Output, exactly and with no pictures, the line that contains "旅を続けるクマのワンシーンを、きらきらと輝く箔押しが彩るダイカットステッカーです。 | ||||||||||||" and every line that comes after it in the data below, the last one included.

Saved entries
==========

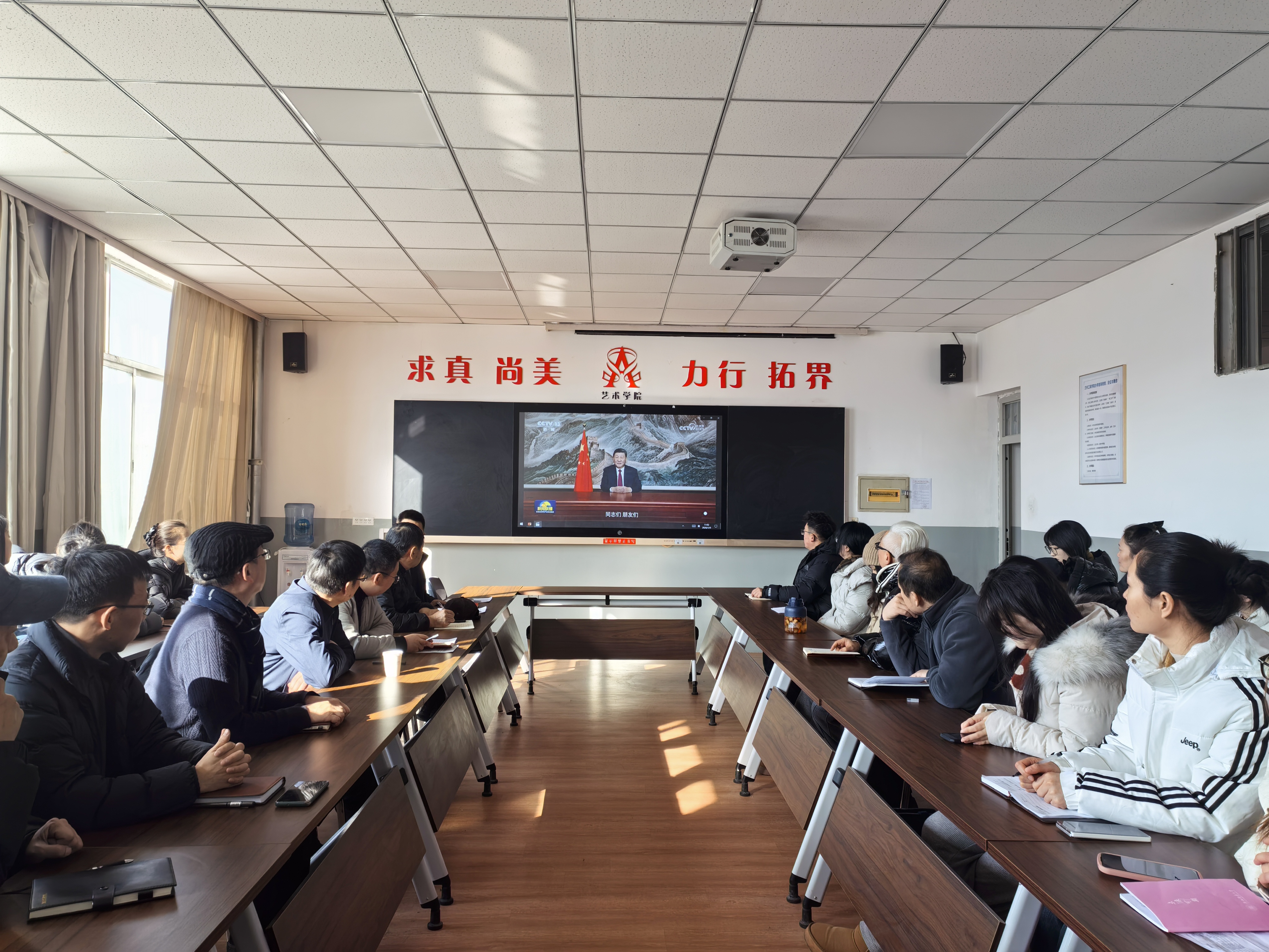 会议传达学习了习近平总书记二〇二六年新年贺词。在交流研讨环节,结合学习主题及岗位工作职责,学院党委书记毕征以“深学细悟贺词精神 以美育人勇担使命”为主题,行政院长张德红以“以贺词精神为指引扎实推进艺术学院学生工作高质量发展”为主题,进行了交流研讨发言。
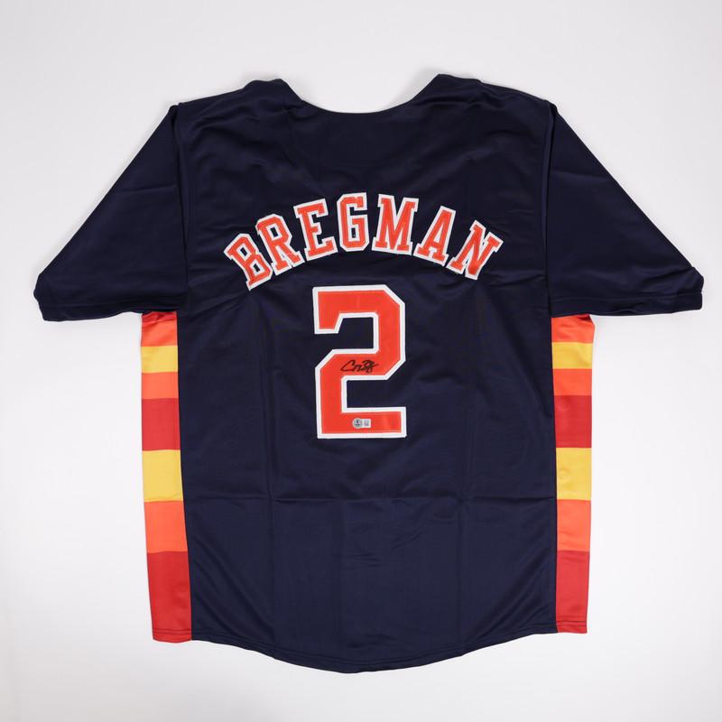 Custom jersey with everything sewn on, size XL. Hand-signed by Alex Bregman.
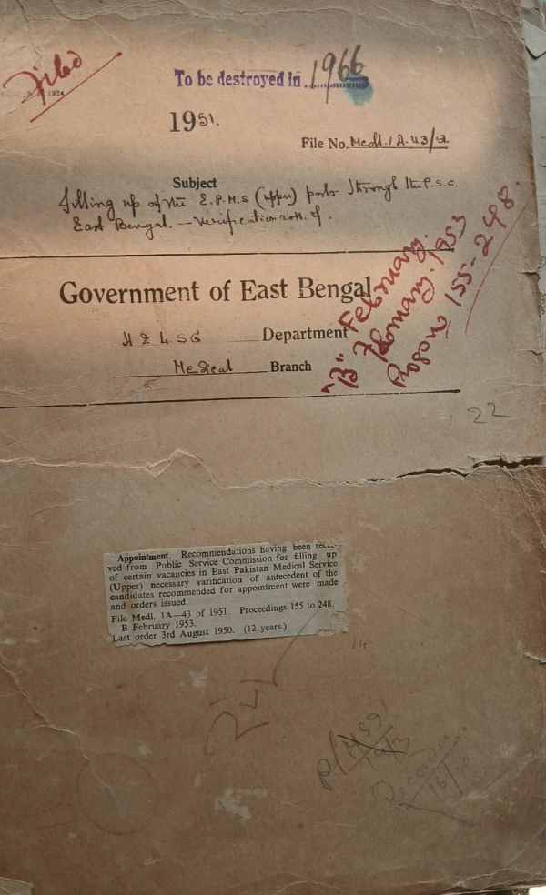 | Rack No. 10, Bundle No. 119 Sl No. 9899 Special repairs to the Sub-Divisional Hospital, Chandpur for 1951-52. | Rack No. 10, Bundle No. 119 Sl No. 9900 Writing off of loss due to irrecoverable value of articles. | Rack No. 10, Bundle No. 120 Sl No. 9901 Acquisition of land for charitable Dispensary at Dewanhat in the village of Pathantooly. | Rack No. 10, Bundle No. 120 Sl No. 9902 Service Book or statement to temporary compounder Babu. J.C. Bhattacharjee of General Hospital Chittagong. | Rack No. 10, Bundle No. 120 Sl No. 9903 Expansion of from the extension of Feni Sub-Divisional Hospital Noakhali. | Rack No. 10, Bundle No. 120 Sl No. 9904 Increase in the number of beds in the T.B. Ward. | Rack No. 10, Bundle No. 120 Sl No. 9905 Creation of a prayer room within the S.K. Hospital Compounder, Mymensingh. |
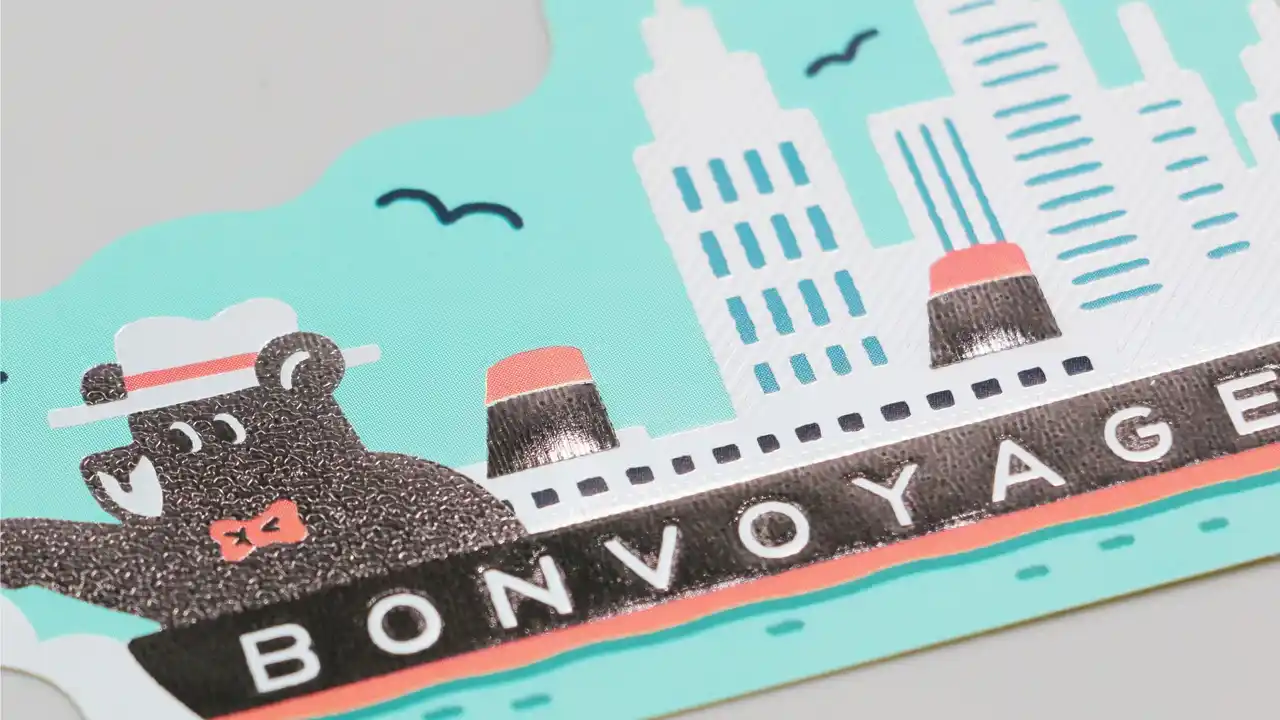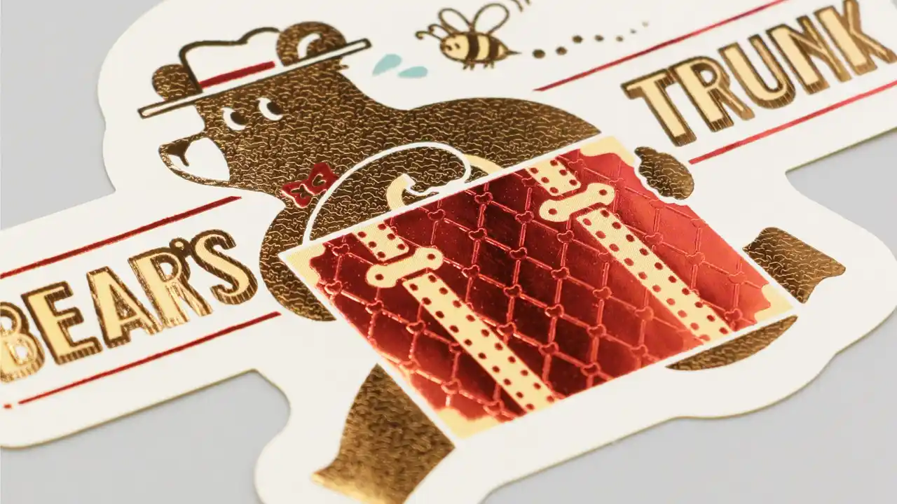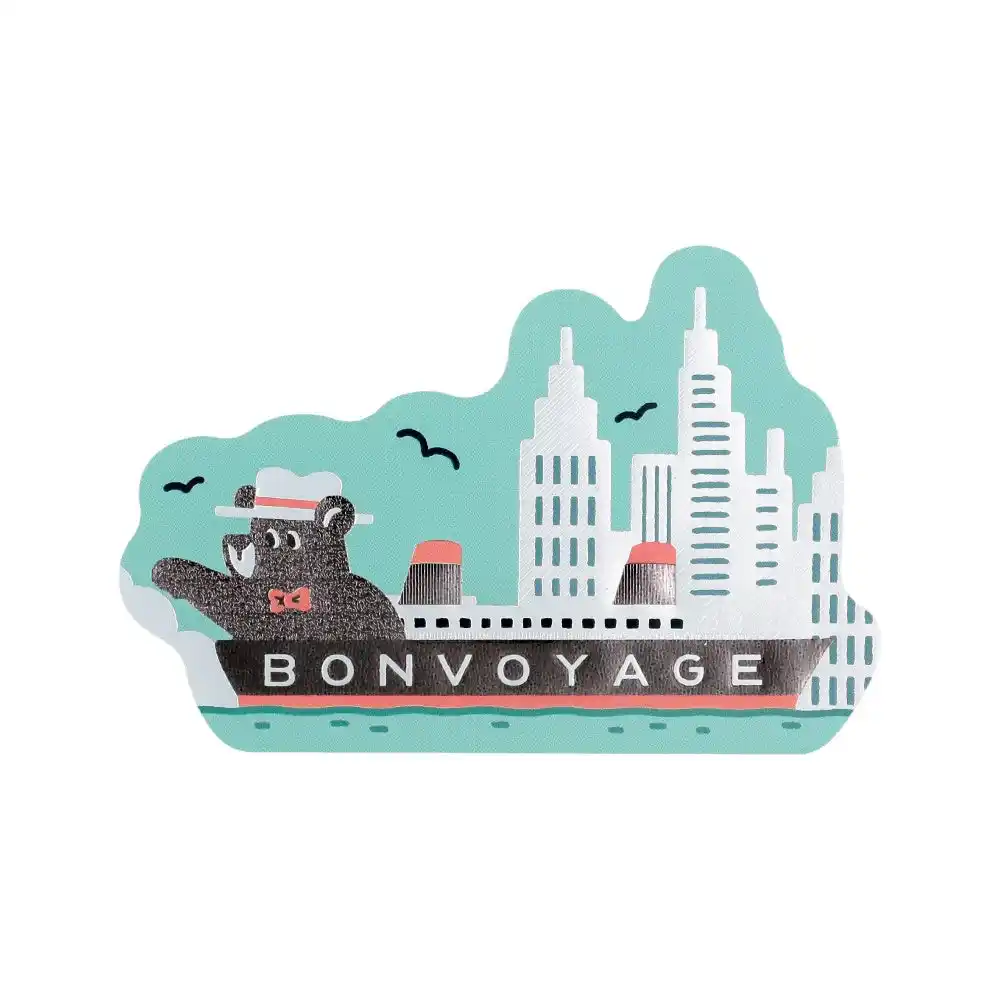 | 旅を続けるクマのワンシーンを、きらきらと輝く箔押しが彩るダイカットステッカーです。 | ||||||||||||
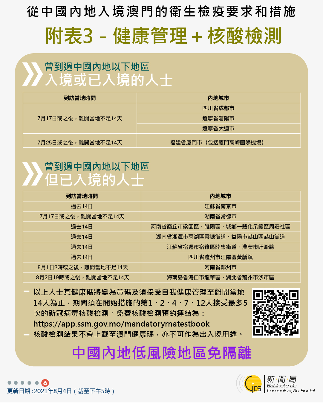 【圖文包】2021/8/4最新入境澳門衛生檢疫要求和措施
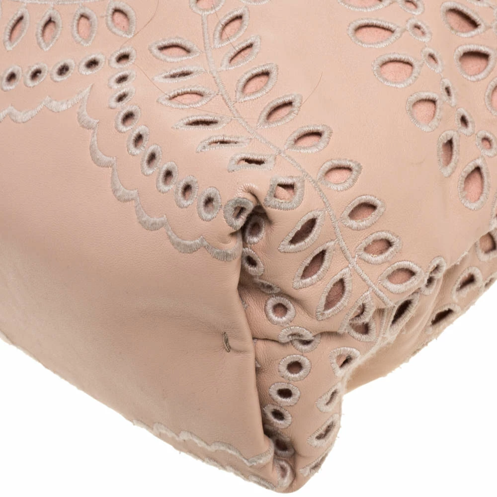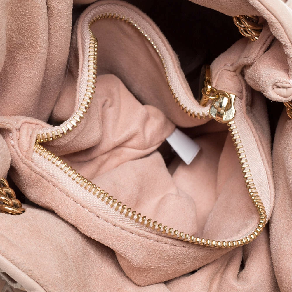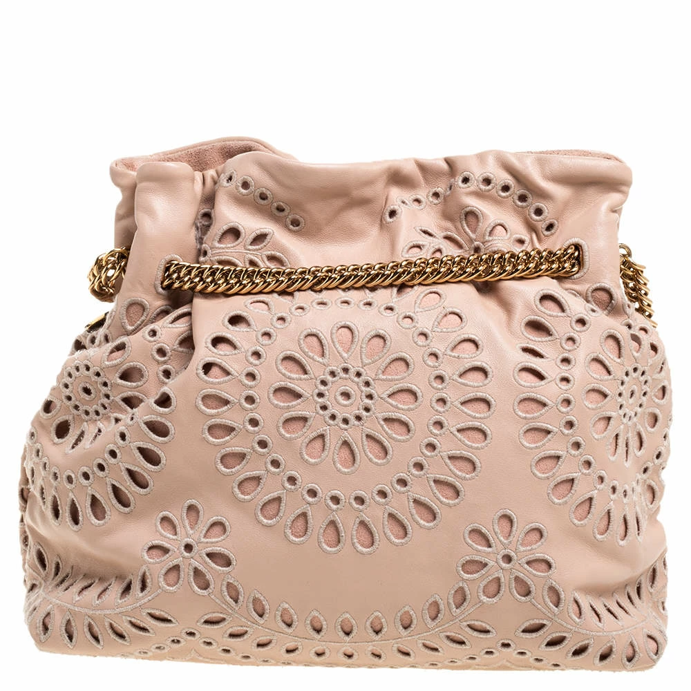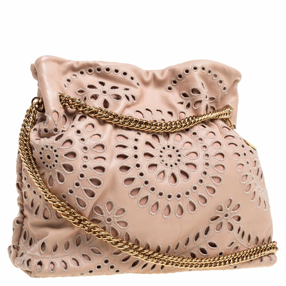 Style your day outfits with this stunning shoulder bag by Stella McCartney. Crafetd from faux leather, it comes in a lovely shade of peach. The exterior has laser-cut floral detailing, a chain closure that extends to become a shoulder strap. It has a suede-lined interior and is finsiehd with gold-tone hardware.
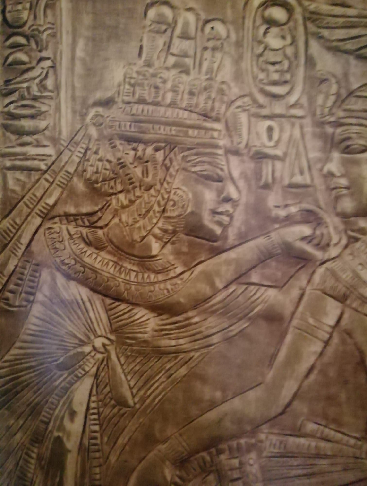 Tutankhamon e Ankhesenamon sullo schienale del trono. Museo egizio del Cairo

==========

• **Response box**:
 | 旅を続けるクマのワンシーンを、きらきらと輝く箔押しが彩るダイカットステッカーです。 | ||||||||||||
 【圖文包】2021/8/4最新入境澳門衛生檢疫要求和措施
 Style your day outfits with this stunning shoulder bag by Stella McCartney. Crafetd from faux leather, it comes in a lovely shade of peach. The exterior has laser-cut floral detailing, a chain closure that extends to become a shoulder strap. It has a suede-lined interior and is finsiehd with gold-tone hardware.
 Tutankhamon e Ankhesenamon sullo schienale del trono. Museo egizio del Cairo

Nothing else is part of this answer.